TECHNOLOGY: More on the Forrester HMO website report (with update)


A few weeks back I posted about a Forrester report about how bad consumers found health plan web sites.  The Forrester report is online but only for its clients. Forrester did send out an email that non-members can get by signing up here and asking for the emails. This article from Health-IT World includes data from that email and suggests that both navigation and personalization are lacking from health plan sites.

Update: To help those health plans and everyone else out, HHS just came out with a list of to-do’s regarding web-site design.  It’s a big tome available on the HHS web site and, no I haven’t read it. But I did read the Washington Post article that explained why HHS came up with it.  Apparently when Sanjay Koyani, who authored the guidelines for HHS looked at the state of the art in guidelines for web site usability:

    "We looked at guidelines inside and outside the government. . . . Nothing was in agreement or backed up by research. . . . The commercial and internal [government] guides were all over the place."

Sounds to me just like the rest of medicine.

INDUSTRY: Merger Mania Monday


This morning two big mergers in the health plan world.  The two biggest (ex-)Blues merge (Anthem and Wellpoint), and United buys MAMSI, the big commercial HMO on the mid-Atlantic states.  In the Blues case the market has marked down the acquirer and upped the stock of the target, suggesting that they are paying too much.

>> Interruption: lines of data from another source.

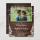Who says that budget-friendly can't be gorgeous? Not us! This design features a realistic wooden background with string lights on the top placed behind a custom photo and beautiful delicate lace in the bottom corners. Customise this design by clicking the "personalise" button and typing into the text boxes. Once you've finished adding your details, be sure to check out the wide range of paper sizes, textures and shapes that Zazzle has to offer.
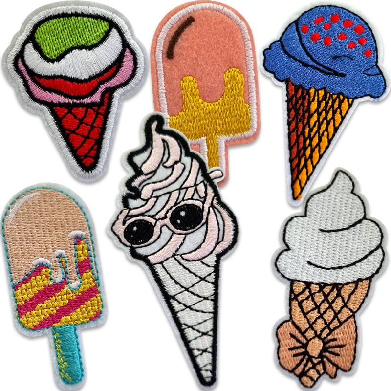 Das Paket enthält sechs gestickte Eissorten in verschiedenen Größen. Die Bilder sind zum Aufbügeln, und eigenen sich deshalb toll zum Flicken oder Verschönern von Kleidungsstücken. Sie sind unterschiedlich hoch, zwischen 5,5 bis 10 cm. Eine Bügelanleitung ist beim Kauf dabei.
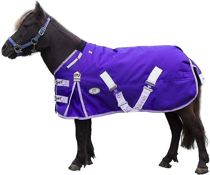 Gear up your little guy with the Derby Originals Extreme Elements Nordic-Tough 1200D Ripstop Waterproof Winter Heavyweight Mini Horse & Pony Turnout Blanket. This waterproof turnout blanket for mini horses features a modern contoured design that’s comfortable and durable. It is equipped with quick-clip double chest buckles and adjustable neck straps for just the right fit. This innovative mini horse turnout blanket is constructed using a 1200D waterproof ripstop exterior, 300g polyfil insulation and a soft but strong 150D inner lining. It’s crafted to be reflective for safety and is ideal for use both indoors and outdoors to keep your cantering companion comfy.
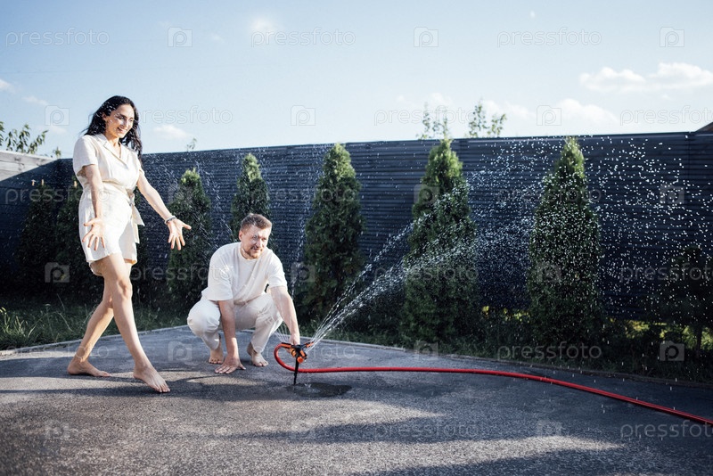Веселая пара наслаждается игривым распылением воды из садового шланга, стоя на бетонной поверхности, окруженная зеленью, захватывая веселый летний момент в открытой обстановке

United’s stock price is dipping too as MAMSI’s has gone up.

So why are they buying now?  Health Plans, as evidenced by results released today from Anthem, Wellpoint and Humana, are banking in the bucks.  We can expect profits in the insurance business to start to slowly fall from this high point of the underwriting cycle. One possible explanation for the timing of the merger is that Anthem and Wellpoint have been acquiring smaller Blues plans at a rapid clip, and of course have been bidding up their price. Now there is only one major buyer for smaller Blues, so you can expect this to be the last time that Anthem pays too much!

One last comment–there is now a national for-profit Blues organization with some 26 million members in one organization, roughly one third of all Blues members. As a national force the Blues have never really existed, but individual Blues have been very strong in individual states. As so many individual Blues will now be controlled from Indianapolis, we might expect some slow changes, but health care is still a local good.

TECHNOLOGY: Physicians like the Internet, eventually


In the old days (well, 1997), there were many reports about physicians annoyed with patients coming to their office with reams of paper printed out off the Internet and asking, for example, if rolling in moose dung reduced blood pressure, just like it said on the Acme Chinese Medicine web site. Although the physician disdain with their patients being "Internet positive" was always overstated, I’m a little surprised to read in Modern Physician that most physicians say Internet improves patient encounters.  The report, from advertising agency Accel Healthcare Communications, is available here and, besides the patient stuff, has lots of other insights into physician Internet use with CME, their participation in market research, and their relationship with pharma reps. Beware though that the sample size is a little small.